The Go code does the equivalent of `dynamic_cast` a lot. To avoid that, I call a virtual function to check an enum value representing the underlying type and then use `static_cast` to safely and quickly downcast. See `astCast` and `objCast` for this. I think we usually prefer the visitor pattern for this type of thing.

Another example is my use of `std::shared_ptr` (the STL's ref-counted pointer implementation) to emulate Go's garbage collector. This made sense to me since I wanted to keep the class hierarchy of Object the same as in the book and this technique didn't cause the code structure to deviate too much from the Go code. The downsides are that, despite preallocating the stack in the VM, object creation involves additional dynamic allocations and in multi-threaded programs the copying of a `std::shared_ptr` uses (relatively) expensive atomic operations. As an easy and unintrusive fix, I used Boost's Object Pool for quick allocations and made sure that libcxx doesn't use atomic operations for `std::shared_ptr` copying since Monkey is a single threaded program (libstdc++ seemed to do the right thing by default).

I was thinking that another approach would be to not access objects through this Object interface and instead use a `std::variant` that includes the different possible object types. Since objects in Monkey are immutable (for example, the `push` built-in actually creates a new list with the new element appended to it) you can simply assign the `std::variant` to its preallocated spot on the stack. It would involve more copying of the object data but I would expect the saving of dynamic allocations and improved cache locality to dwarf the effect of increased copies. You'd maybe need to make an exception for strings, lists and hash maps since if most of your memory is used by a single one of these then doubling the usage with a copy probably wouldn't be acceptable.

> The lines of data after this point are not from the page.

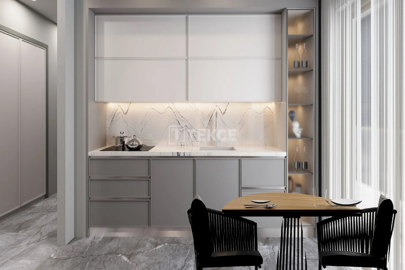 Кухня открытого типа плавно переходит в просторную гостиную и столовую, создавая уютное и удобное пространство. Если вы ищете квартиру в прекрасном районе Хавеа, Испания — этот вариант станет отличным выбором.
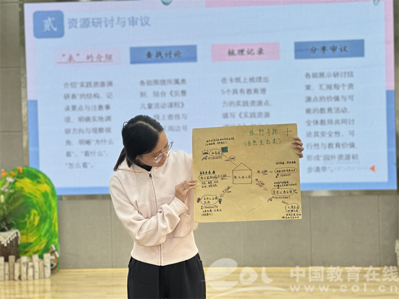 中国教育在线浙江站讯(编辑 邱彬鑫)为深化教师对园外教育资源的认知,明确其在课程实施中的价值与开发要点,10月28日至29日,临江幼儿园教科室主任朱丽丹组织全体教师开展了以“分组行走:园外资源实地考察调研”为主题的第三次校本研修活动。活动通过团队游戏、分组研讨与实地考察等形式,着力提升教师对园外教育资源的发现力与课程化利用能力。
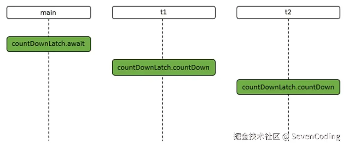 说明: 首先main线程会调用await操作,此时main线程会被阻塞,等待被唤醒,之后t1线程执行了countDown操作,最后,t2线程执行了countDown操作,此时main线程就被唤醒了,可以继续运行。下面,进行详细分析。
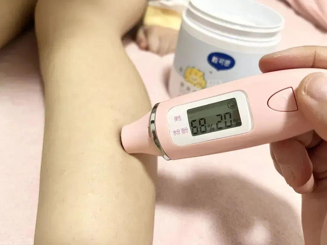塗之後,小幹腿肉眼可見地滑溜水潤起來,皮膚水分值上升到了 68%;
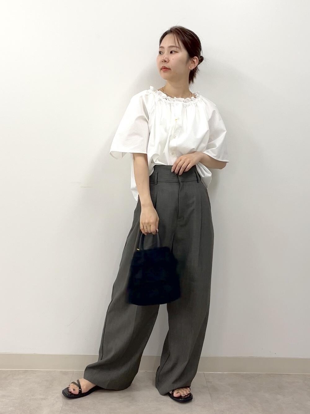 オフショルダーにパンツを合わせて甘すぎない肌見せコーデにしてみました。
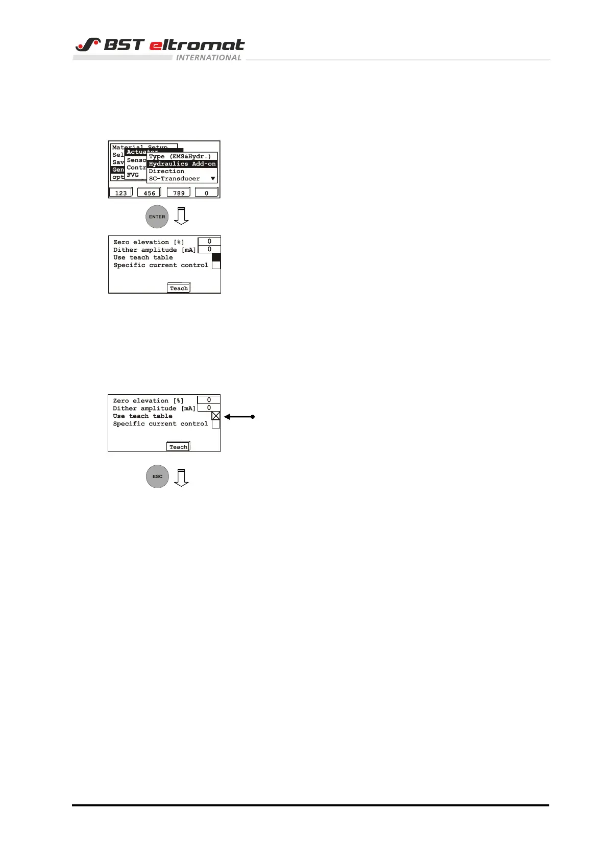 If a hydraulic actuator is used, then additional hydraulic settings
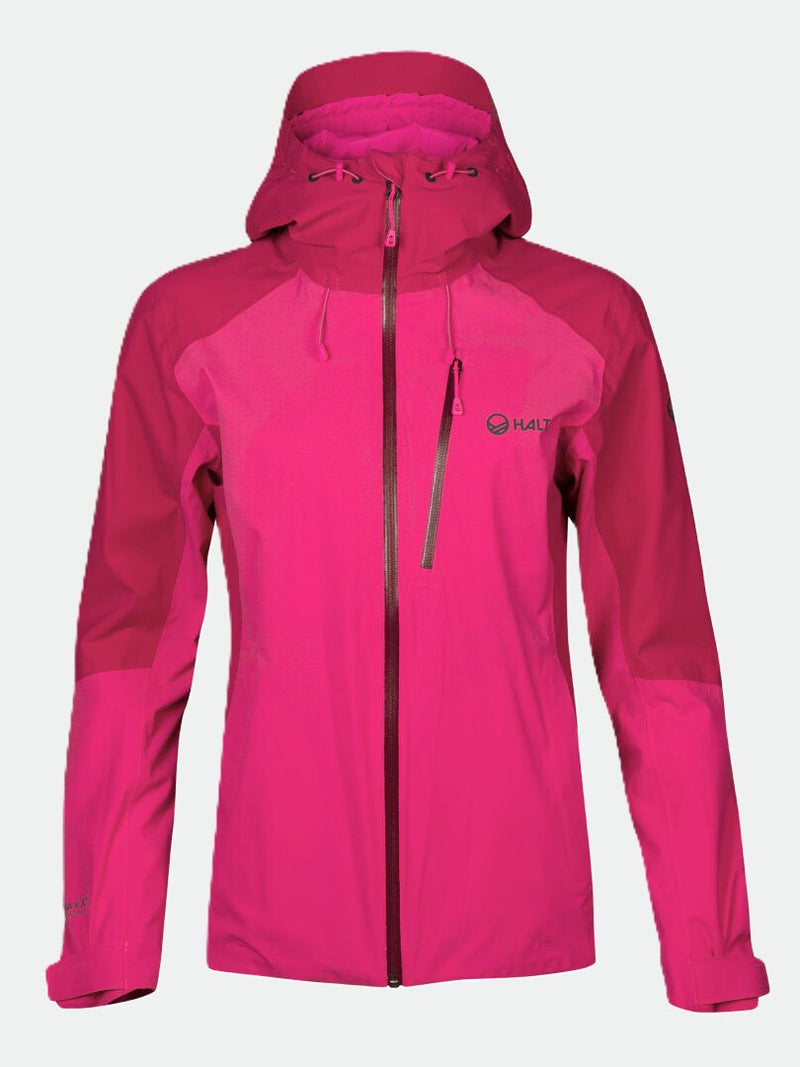 Halti Biegga Naisten DrymaxX Kuoritakki on kirkkaan pinkki kuoritakki, jossa on huppu, rintatasku ja vedenpitävä kangas.

Another intrusive alternative would be to use a real garbage collector like Boehm instead of hacking around the problem with `std::shared_ptr`.

Overall this has been a fun project and I recommend these books for people interested in learning about compilers. The books are practically focused and don't expect any prior knowledge of compilers or CS theory. This is just the beginning of my compiler studies so hopefully when I'm older and wiser I can come back and add some interesting ideas to this notes section.